1. A method for stepless control of the inclination angle of a hydrofoil is characterized by comprising the following steps:

s100: the electrodeless control device of the hydrofoil mechanism is powered on and initializes the system clock and each interface, wherein,

the electrodeless control device comprises a device on-board system, an electric push rod and an attitude sensor, wherein the interface comprises an RS485 interface, an electric push rod control interface, an attitude sensor communication interface and an external memory interface;

s200: the device onboard system reads the inclination angle of the hydrofoil mechanism relative to the water surface, which is stored in the external memory, and the electrodeless control device feeds back the inclination angle of the hydrofoil mechanism relative to the water surface to the shipborne avionic system for inputting the current state of the hydrofoil mechanism to the shipborne avionic system;

s300: the device on-board system receives a starting instruction sent by the ship-mounted avionic system, and activates the stepless control function of the inclination angle of the hydrofoil mechanism in the stepless control device relative to the water surface;

s400: the onboard system of the device receives control information sent by the shipborne avionic system, analyzes the inclination angle to be adjusted contained in the control information and sends response information after the control information is received to the shipborne avionic system;

s500: judging whether the current inclination angle is equal to the inclination angle to be adjusted, if so, ending the process, otherwise, executing the step S600;

s600: judging whether the current inclination angle of the hydrofoil mechanism relative to the water surface is larger than the inclination angle to be adjusted, if so, executing a step S700, otherwise, executing a step S800;

s700: the attitude sensor detects the inclination angle of the hydrofoil mechanism relative to the water surface when the electric push rod reverse stroke descends by taking an attitude acquisition cycle as an interval, and feeds back the current inclination angle to the device onboard system, and the device onboard system calculates the descending displacement of the corresponding electric push rod reverse stroke when the hydrofoil mechanism is adjusted to the inclination angle to be adjusted, wherein the descending of the electric push rod reverse stroke is used for reducing the inclination angle of the hydrofoil mechanism relative to the water surface, and the step S900 is executed;

s800: the attitude sensor detects the inclination angle of the hydrofoil mechanism relative to the water surface when the positive stroke of the electric push rod rises by taking an attitude acquisition cycle as an interval, and feeds the current inclination angle back to the device onboard system, and the device onboard system calculates the rising displacement of the positive stroke of the electric push rod corresponding to the hydrofoil mechanism when the inclination angle to be adjusted is adjusted, wherein the rising of the positive stroke of the electric push rod is used for increasing the inclination angle of the hydrofoil mechanism relative to the water surface;

s900: when the onboard system of the device controls the ascending/descending displacement of the forward/reverse stroke of the electric push rod to enable the inclination angle of the hydrofoil mechanism relative to the water surface to be equal to the inclination angle to be adjusted, the electric push rod stops ascending/descending, stores the current inclination angle to an external memory and feeds back the current inclination angle to the shipborne avionic system through the RS485 interface.
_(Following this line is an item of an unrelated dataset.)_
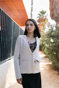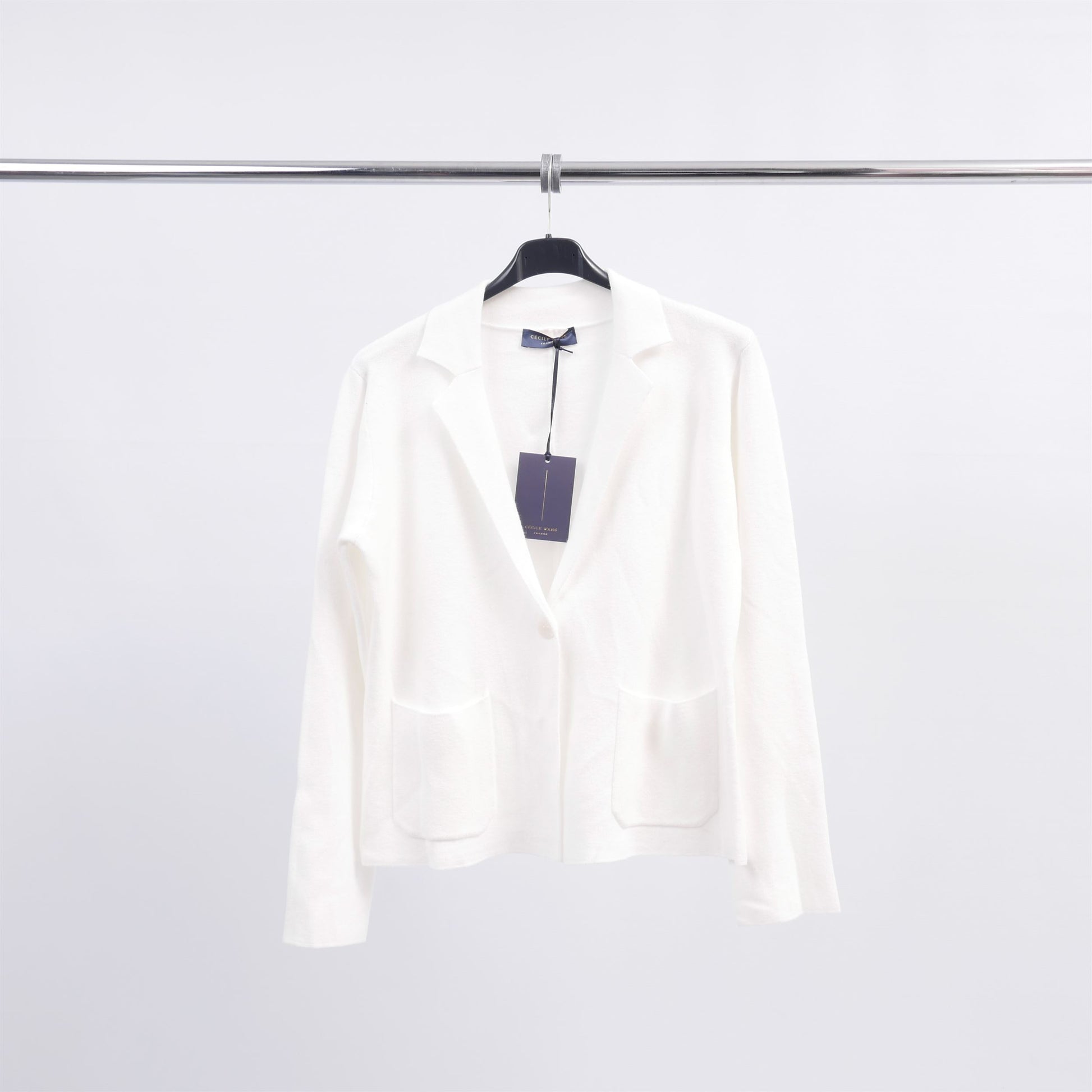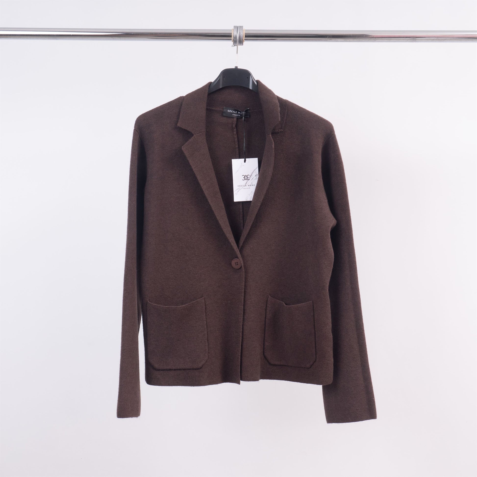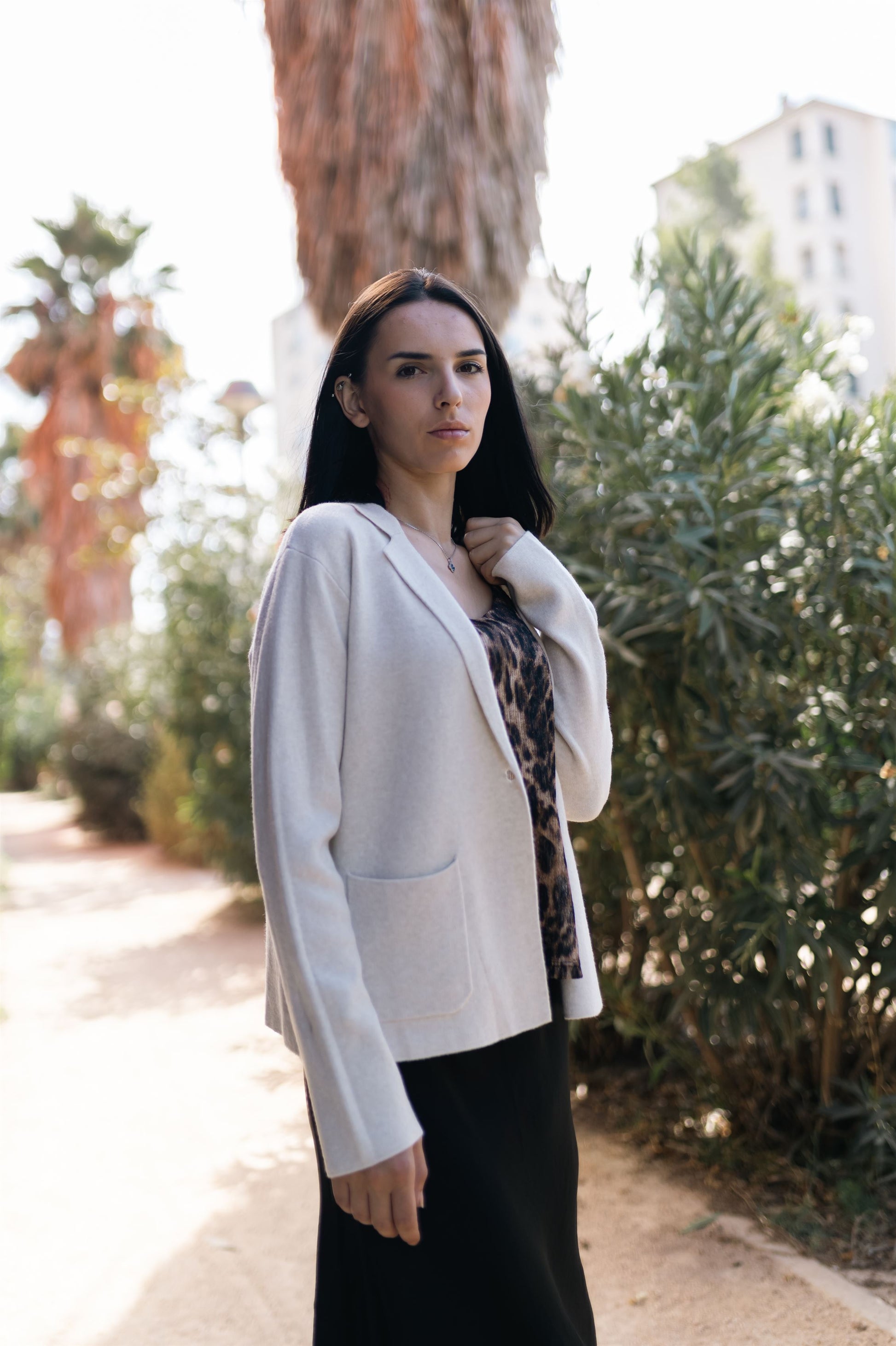 Cette veste légère au style tailleur revisité est parfaite pour une allure chic sans rigidité. Conçue dans une maille douce et fluide, elle offre un tombé naturel et confortable. Elle se ferme avec un bouton unique et dispose de deux poches plaquées pour une touche pratique et élégante. Idéale aussi bien pour le bureau que pour un look décontracté raffiné.

2. The method for stepless control of the tilt angle of the hydrofoil according to claim 1, wherein the electric push rod comprises a first electric push rod and a second electric push rod, wherein the first electric push rod and the second electric push rod respectively control the tilt angle of the left/right hydrofoil mechanism relative to the water surface.

3. The method for stepless control of hydrofoil tilt angle of claim 1, wherein said attitude sensor is electrically connected to and in two-way communication with a device on-board system.

4. The method for stepless control of the hydrofoil inclination angle of claim 1 is characterized in that the first electric push rod and the second electric push rod are electrically connected to and controlled by a device on-board system.

5. The method for stepless control of hydrofoil inclination angle according to claim 1 is characterized in that the attitude acquisition period is 10 milliseconds.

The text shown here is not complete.